US 11,687,796 B2
Document type-specific quality model
Brien H. Muschett, Palm Beach Gardens, FL (US); Andrew R. Freed, Cary, NC (US); Roberto Delima, Apex, NC (US); David Contreras, Willow Spring, NC (US); and Krishna Mahajan, Raleigh, NC (US)
Assigned to International Business Machines Corporation, Armonk, NY (US)

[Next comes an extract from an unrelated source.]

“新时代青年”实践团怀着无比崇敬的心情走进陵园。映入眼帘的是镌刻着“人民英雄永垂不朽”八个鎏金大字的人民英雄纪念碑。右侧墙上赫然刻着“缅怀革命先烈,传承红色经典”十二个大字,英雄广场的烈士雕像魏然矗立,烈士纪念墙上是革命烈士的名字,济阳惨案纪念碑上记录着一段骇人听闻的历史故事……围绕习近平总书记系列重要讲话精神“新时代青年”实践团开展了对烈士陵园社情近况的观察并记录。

Filed by International Business Machines Corporation, Armonk, NY (US)
Filed on Apr. 17, 2019, as Appl. No. 16/386,652.
Prior Publication US 2020/0334546 A1, Oct. 22, 2020
Int. Cl. G06F 17/00 (2019.01); G06N 5/022 (2023.01); G06F 16/93 (2019.01); G06N 20/00 (2019.01); G06F 16/908 (2019.01); G06F 40/30 (2020.01); G06F 40/284 (2020.01); G06F 40/289 (2020.01); G06N 5/025 (2023.01)
CPC G06N 5/022 (2013.01) [G06F 16/908 (2019.01); G06F 16/93 (2019.01); G06F 40/284 (2020.01); G06F 40/289 (2020.01); G06F 40/30 (2020.01); G06N 5/025 (2013.01); G06N 20/00 (2019.01)] 17 Claims
OG exemplary drawing
 
1. A method implemented by an information handling system that includes a processor and a memory accessible by the processor, the method comprising:
receiving a document and a document type, wherein the document type identifies a document category to which the received document belongs;
identifying a set of structural linguistic features found in the document, wherein the set of structural linguistic features are associated with the document type;
retrieving a set of structural linguistic metrics corresponding to the document type;
comparing the set of structural linguistic features found in the document to the retrieved set of structural linguistic metrics;
automatically determining a quality of the received document based on the comparing, wherein the determining includes computing a quality score corresponding to the determined quality; and
in response to the quality score meeting a quality threshold, ingesting the document into a corpus that is utilized by a question-answering (QA) system.